══ SUPPLIED MATERIAL ══
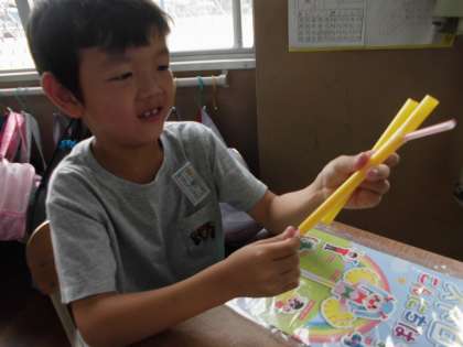 ストローの仕組みを作って動かすととても楽しいね!2つ作って組み合わせてみよう!うまく動かないときはどうしたらいいのかな。
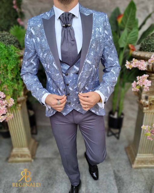 Nuanta: gri cu model bleu/gri pe sacou si vesta
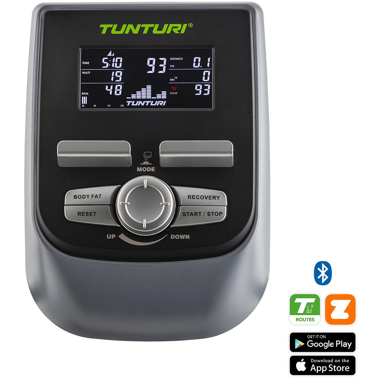 | Apps pour tablettes et smart phones: | Tunturi Routes, i-Console+, Kinomap & Zwift |
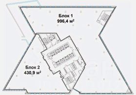 Описание помещения: Целиком этаж. Два блока, 430,9 и 996,4 м2, общей площадью 1 427,3 м2.
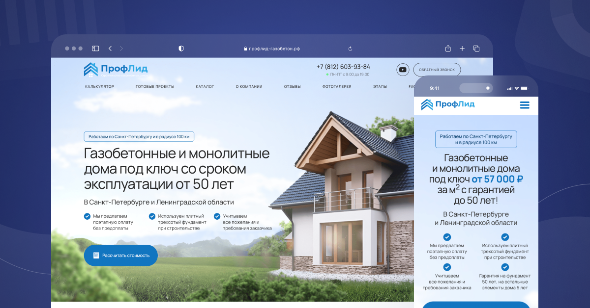Профлид – компания, занимающаяся строительством домов из газоблока и газобетона в Санкт-Петербурге и Ленинградской области. Целевая аудитория – владельцы участков, которые планируют построить частный дом.
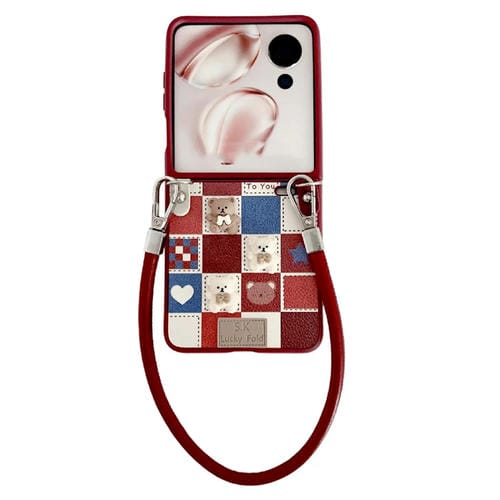 Funda para Teléfono Honor Magic V con Tapa Osito de Peluche y Correa para Muñeca (Rojo)
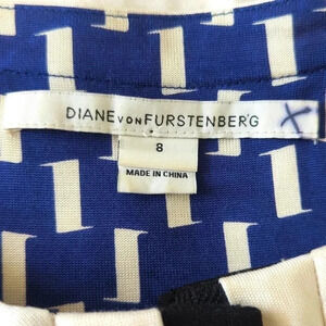 mod DVF dress drapes a reissued print in soft, mid-weight silk jersey. Solid trim outlines the crew neck and the two- tone placket, which fastens with hidden snaps. On-seam pockets hide along the side seams and 3/4 sleeves end with banded cuffs. Unlined. Fabric: Mid- weight silk jersey. Shell: 100% silk. Trim: 70% silk/30% viscose.
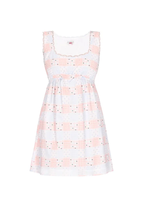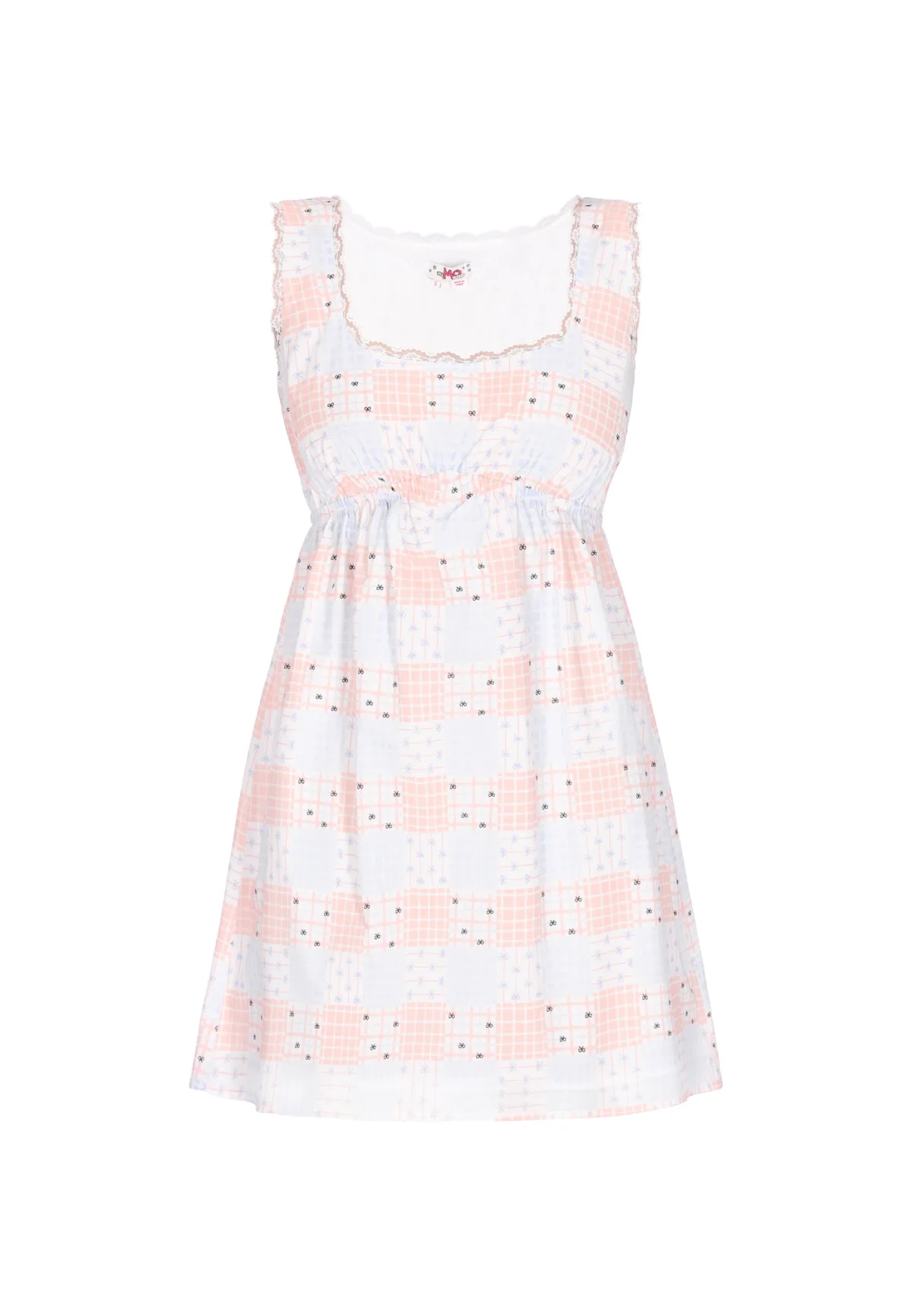 Design: A-lijn; Type sluiting: Slip; Materiaal: Katoen; Halstype: Carréhals; Motief: Bloemenprint; Soort bandjes: Brede bandjes; Details: Kant, Gedrapeerd; Extra's: All-over patroon; Lengte: Kort/mini; Pasvorm: Normale pasvorm; Armlengte: Mouwloos
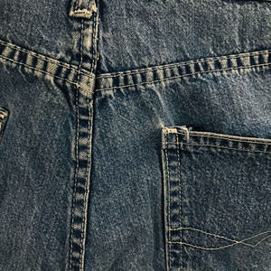 Flaw: Light stain on the back near the hem, and one back pocket is slightly coming loose
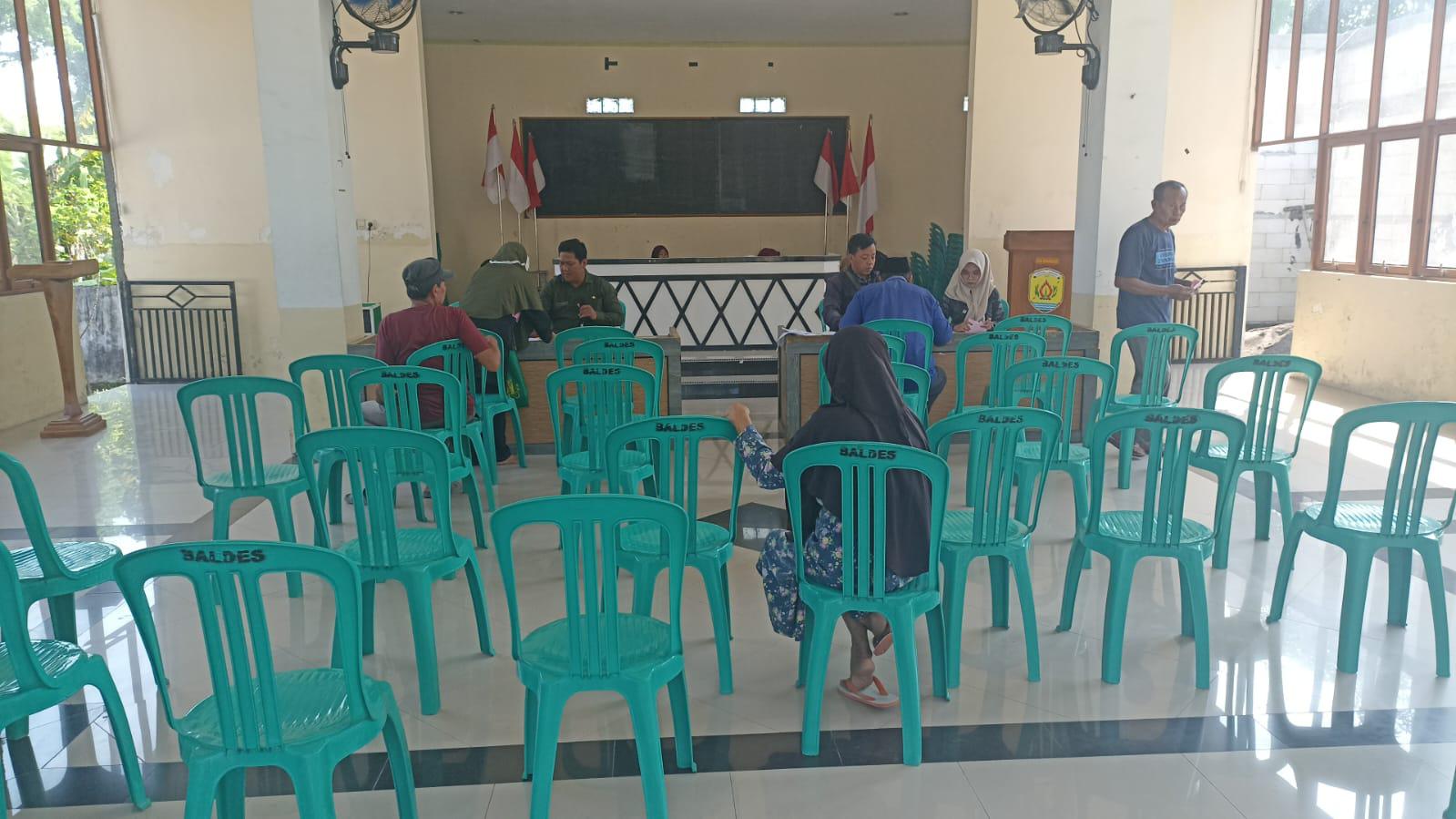 Kamis, 5 Juni 2025. Pemantauan pelaksanaan kegiatan penyaluran BLT DD Bulan Juni 2025 oleh Petugas BPR BKK Purwodadi (Perseroda) kantor cabang Tawangharjo di Pendopo Kantor Balai Desa Tawangharjo
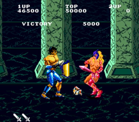 Pero había un juego que yo recordaba pero nadie identificaba. Eras una especie de guerrero con armadura, espada y escudo. Era un side-scroller. Tenías la posibilidad de subir y bajar tu escudo para bloquear ataques, pero si recibía mucho daño tenías posibilidad de perderlo. Si no te cubrías algún golpe, y te daba en la armadura, perdías esa pieza y tu piel quedaba expuesta. Un solo golpe en tu piel desnuda significaba la muerte. Recuerdo bien que había algunas guerreras, y si las golpeabas "apropiadamente" podías exponer sus senos. Totalmente pixelizados, pero a unos niños morbosos de los ochenta no les importaba, al final de cuentas eran senos. Yo recuerdo que las gráficas se veían sumamente realistas, los personajes me parecían enormes en la pantalla. Claro, estamos hablando de una época en donde los monitos que aparecían en el juego tenían el tamaño del Pac-Man.
═══
YOUR OBJECTIVE. Copy the entries above exactly, but only the stretch from the line containing "Описание помещения: Целиком" through the line containing "Flaw: Light stain". Keep both end lines; drop the pictures.

SOLUTION.
 Описание помещения: Целиком этаж. Два блока, 430,9 и 996,4 м2, общей площадью 1 427,3 м2.
Профлид – компания, занимающаяся строительством домов из газоблока и газобетона в Санкт-Петербурге и Ленинградской области. Целевая аудитория – владельцы участков, которые планируют построить частный дом.
 Funda para Teléfono Honor Magic V con Tapa Osito de Peluche y Correa para Muñeca (Rojo)
 mod DVF dress drapes a reissued print in soft, mid-weight silk jersey. Solid trim outlines the crew neck and the two- tone placket, which fastens with hidden snaps. On-seam pockets hide along the side seams and 3/4 sleeves end with banded cuffs. Unlined. Fabric: Mid- weight silk jersey. Shell: 100% silk. Trim: 70% silk/30% viscose.
 Design: A-lijn; Type sluiting: Slip; Materiaal: Katoen; Halstype: Carréhals; Motief: Bloemenprint; Soort bandjes: Brede bandjes; Details: Kant, Gedrapeerd; Extra's: All-over patroon; Lengte: Kort/mini; Pasvorm: Normale pasvorm; Armlengte: Mouwloos
 Flaw: Light stain on the back near the hem, and one back pocket is slightly coming loose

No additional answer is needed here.